The nations of the Association of Southeast Asian Nations (ASEAN) are topographically situated in one of the most catastrophe inclined locales of the world. The countries of the area have a record of disastrous calamities that have caused financial and human losses over the region. More or less, a wide range of natural peril is present, which includes storms (strong tropical tornadoes), floods, earthquakes, tsunamis, volcanic eruptions, avalanches, forest fires, and pandemics that intimidate life and property. It also includes droughts that result in severe lingering impacts.
Intending to diminish ASEAN’s susceptibility to the risk of disasters, the World Bank, United Nations International Strategy for Disaster Reduction (UNISDR), through the Global Facility for Disaster Risk Reduction (GFDRR), and in a joint effort with other international partners have begun to support the implementation of the ASEAN Agreement for Disaster Management Emergency Response (AADMER) to encourage sustainable development in ASEAN region.
AADMER, which came into power in December 2009, set the establishment for provincial participation, coordination, technical support, and resource mobilization in all facets of disaster management and emergency response.
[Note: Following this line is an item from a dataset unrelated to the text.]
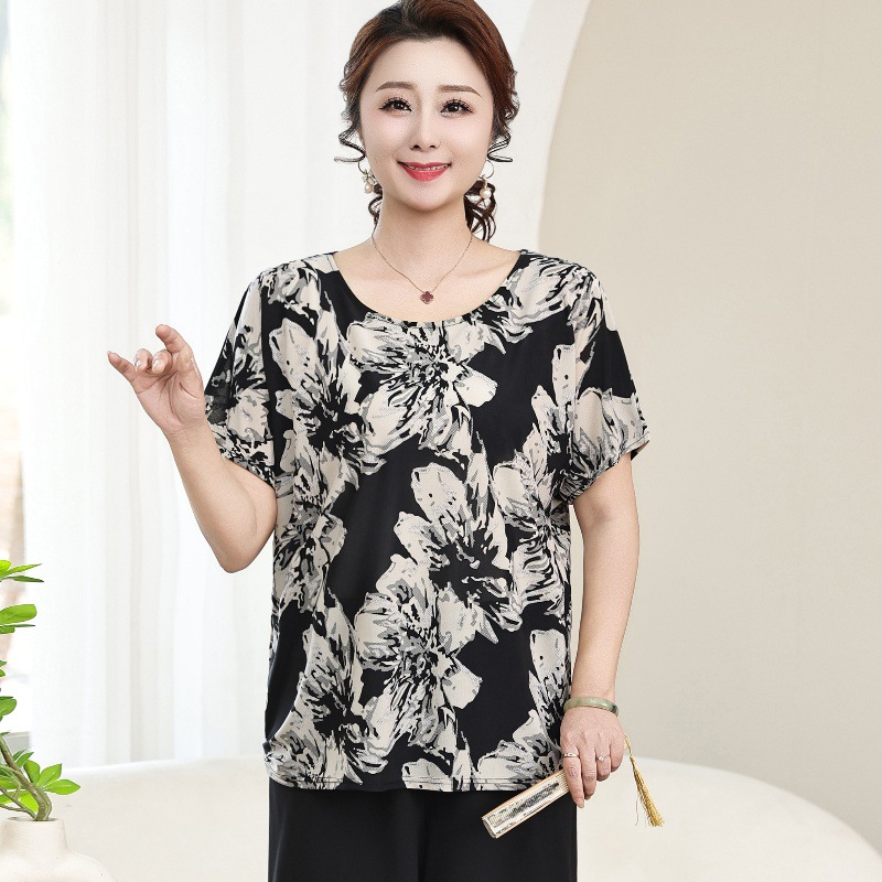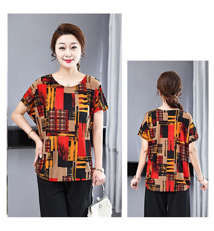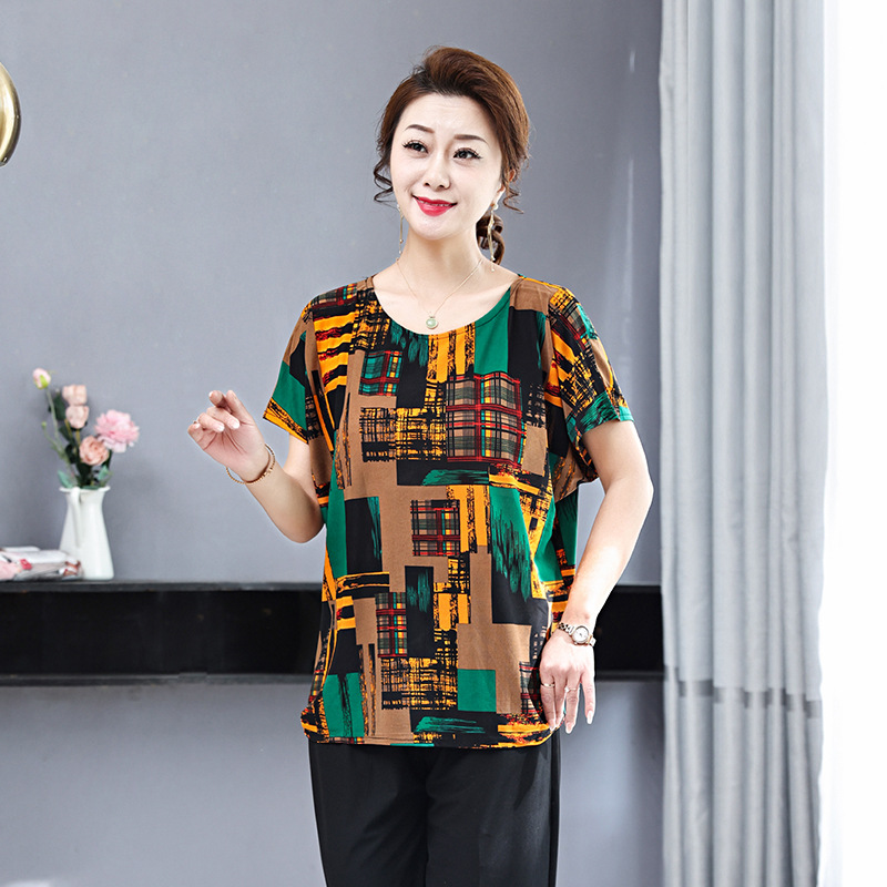 中老年夏装加大码宽松短袖批发 妈妈薄款T恤衫摆地摊衣服老人夏季

The AADMER is a regional legally binding agreement that ties the ASEAN Member States together to promote regional participation and cooperation in diminishing catastrophe loss and strengthening the joint emergency response to calamities in the ASEAN area.
The agreement underpins enduring and planned national initiatives of ASEAN Member States, and with supporting and supplementing national ability and existing work programmes. Since its initiation and through different inventiveness, ASEAN through AADMER has figured out how to augment both provincial and national capacities concerning response to catastrophes in Southeast Asia.
However, the countries have witnessed a continuous evolution of the humanitarian landscape and natural disasters; the ASEAN Committee on Disaster Management to address the present risk and future dangers and to acclimatize to the changing philanthropic landscape has put forward “ASEAN Vision 2025 on Disaster Management.” The vision was embraced by the third ASEAN Ministerial Meeting on Disaster Management (AMMDM) and the fourth Conference of the Parties (COP) to AADMER in December 2015 in Phnom Penh, Cambodia.
The strategic policy document delineates the “directions that may be considered by ASEAN in the following ten years and categorize the key areas to move the implementation of AADMER forward to a people-centered, people-oriented, financially sustainable, and networked approach by 2025.” There is a massive amount of tasks that need to be implemented as the region pushes ahead to address rising difficulties. Three inclusive strategic elements have been considered – Institutionalization and Communications, Finance and Resource Mobilization, and Partnerships and Innovations, that may guide the direction of the implementation of AADMER to 2025.
Institutionalization of AADMER is a vital component that recognizes the requirement for a multi-layered and cross-sectoral administration approach driving the incorporation of the ASEAN Socio-Cultural Community, the ASEAN Economic Community, and the ASEAN Political-Security Community on disaster management and emergency response. It further establishes that the strategy goes beyond the regional and worldwide levels and creates disaster management and emergency response potency at the national and sub-national (city, provincial, and community) levels. It will likewise be essential to decide the effect on people in the future. It additionally features the significance of correspondence exchange between all partners included.
Financial and Resource Mobilization linked with the implementation of AADMER, including ASEAN Member States, ASEAN Secretariat, and the AHA Centre, pinpoints that the strategy needs to join an expansion in ASEAN Member States’ commitments with customary and non-conventional aspects of findings and different modalities of support. It ensures that the ASEAN drives the procedure and content. It recognizes the role that small and medium-sized endeavours, micro-insurance, insurance pooling, and capital markets can offer in the quest for a calamity-resilient region able to broaden its skill further adrift by 2025.
Partnerships and Priorities Innovative ways is accountable for the implementation of AADMER can cooperate with nontraditional partners for disaster management and emergency response. This component features the qualities of banding together with entities at regional, national, and local levels in the public, private, and individual’s areas. Specifically, this vital component decides the significance of drawing on the local knowledge and capacity of civil society associations.
Furthermore, it identifies the impending role of the ASEAN Coordinating Center for Humanitarian Assistance on disaster management (the AHA Center) to become a network coordinator of regional centres for superiority in disaster leadership and management. It can encourage knowledge creation, policy analysis, and training for the next generation of practitioners. It finally perceives that the ASEAN think-tank community can provide strategic policy analysis and support the “development of the region as a global thought-leader in disaster management and emergency response.”
Thus these three mutually comprehensive strategic components and the policy document propose to situate ASEAN as a pioneer in changing disaster management landscape in the Southeast Asian area and beyond and fortify its leadership to keep up ASEAN Centrality.